Sure, but Bell also has a bunch of numbers that you can't prove aren't zero. And a bunch of other *different* numbers that you can't tell apart from zero. Bell also discards the law of excluded middle, so the 4th point doesn't work in Bell's context. Lastly, as long as people are using infantesimals called dx, I'll point out that dydx (and higher order terms) see a lot of use, and that dydx = dy * dx wouldn't be all that usefull if it were always zero. Endomorphic 23:04, 18 March 2007 (UTC)

[edit] Re-writing

Lots of intersting things and questions in the article and discussion, but maybe now would be a good time to re-write the whole article. This I suggets to do as I have been working in the area of nonstandard analysis for some time. I use it for teaching and have met most of the leading researchers of the field. The historical part and philosophical part are also of interest. I think the article needs a new outline so that extensions would be easier.

I would not plan to hope to write The definite article. I just think I could make some things clearer and hope that others would improve.

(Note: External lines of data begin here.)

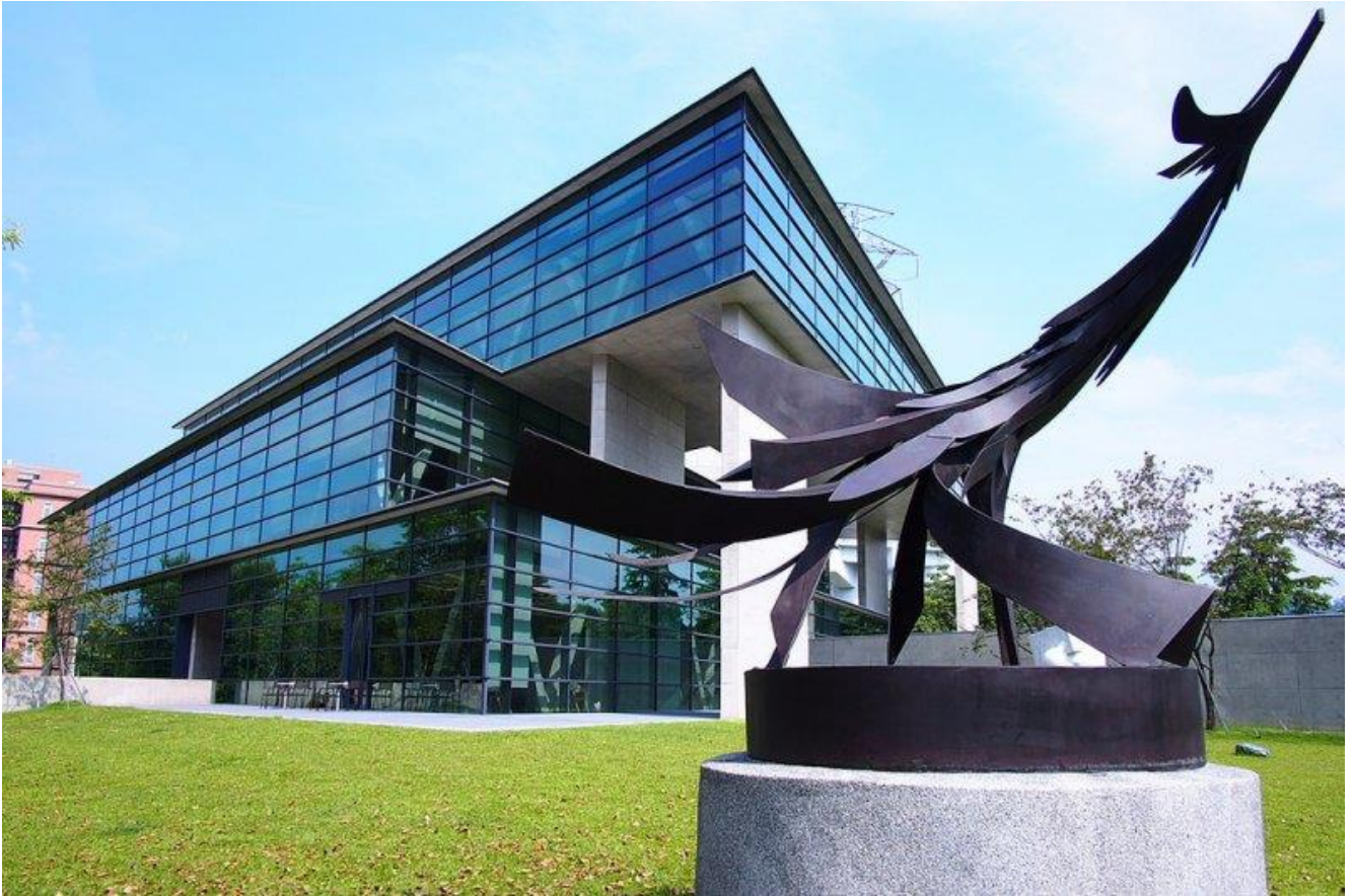
圖：中國時報舉辦「大專校院校園風景網路人氣票選」亞大安藤美術館入選全台校園十大美景！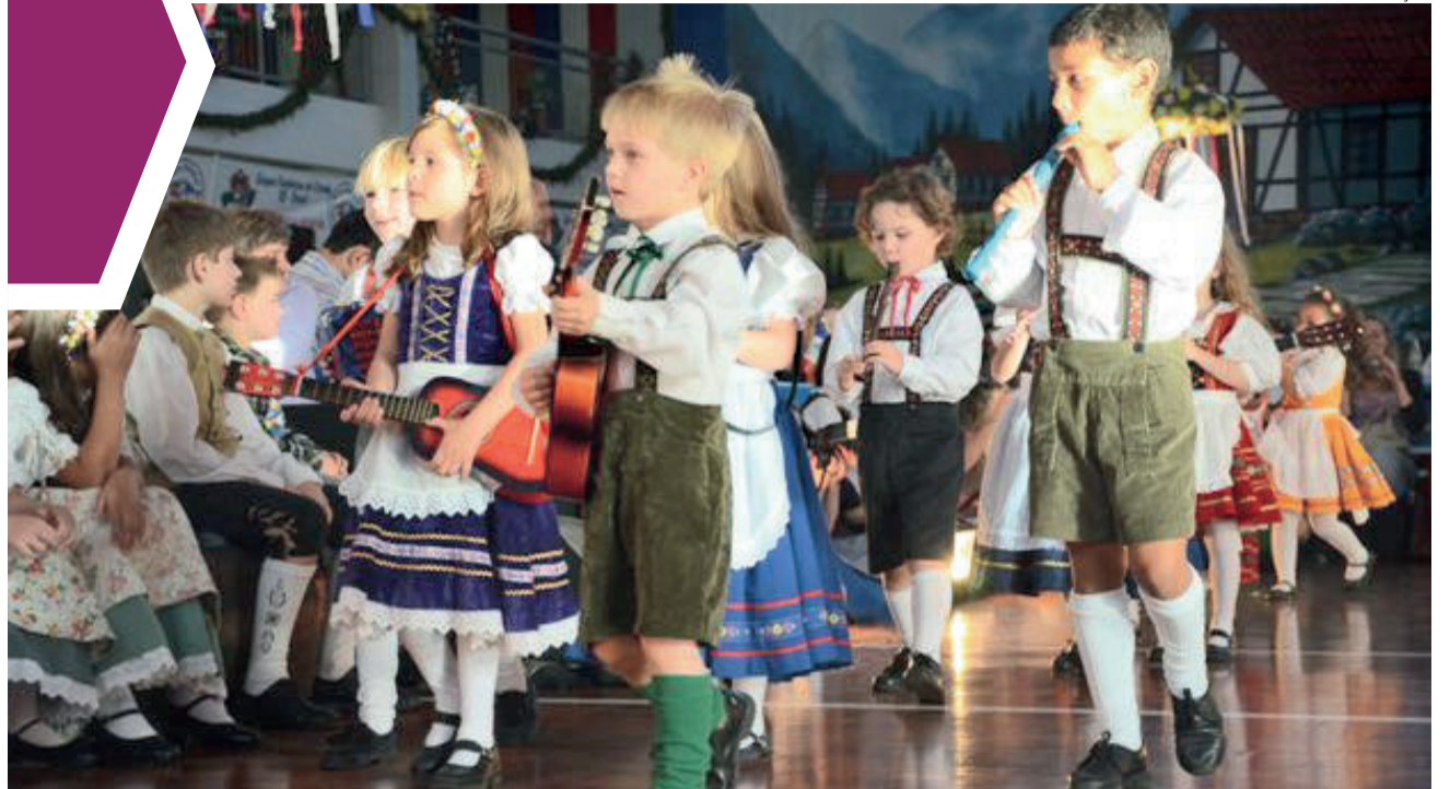
Festival do Chucrute é um dos eventos mais tradicionais da Maifest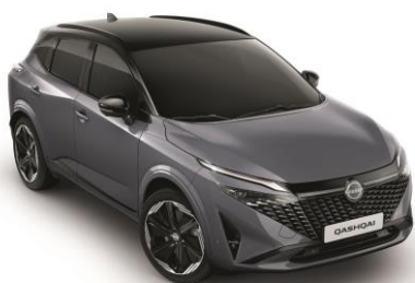
Szürke & Fekete XEX – 500 000 Ft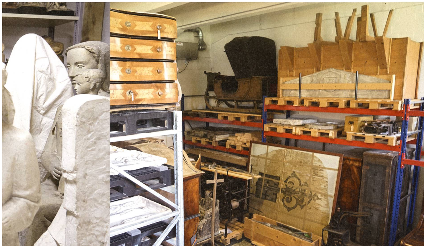
Depot Rotzhalde: hinten links Schlittenkutsche, vorne in der Mitte Fahne aus dem 17. Jahrhundert.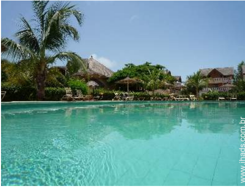
piscina na residência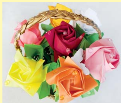
"Квіти для матусі". Світлана КОНОВАЛЕНКО, 4 клас

No offence to the first writer. First version will come up soon.

Odonovanr 20:04, 10 January 2007 (UTC)

[edit] Merger?

I've rewritten the article originally known as Differential (calculus) into an article Differential (infinitesimal). There is some overlap with the article here, although the purpose of the Differential (infinitesimal) article is to give an overview of the historical meaning of differentials such as dx, as well as ways to the notion rigorous. Comments would be welcome. Also if anyone wants to propose some sort of merger or any other way to pool ideas related to infinitesimals, please discuss below. Geometry guy 22:32, 11 March 2007 (UTC)

I think that's a bad idea. Infintesimals and differentials are confused for each other enough already. Infintesimals are numbers smaller than any positive real number; they are elements that might live within a field structure extending the reals. If t is an infintesimal, you can always say t < 3 and be sure of the truth. Differentials in integration and differential equations are very different creatures; within the context of dy/dx = 3x, the equation dx < 3 is not sensible at all. Endomorphic 23:28, 18 March 2007 (UTC)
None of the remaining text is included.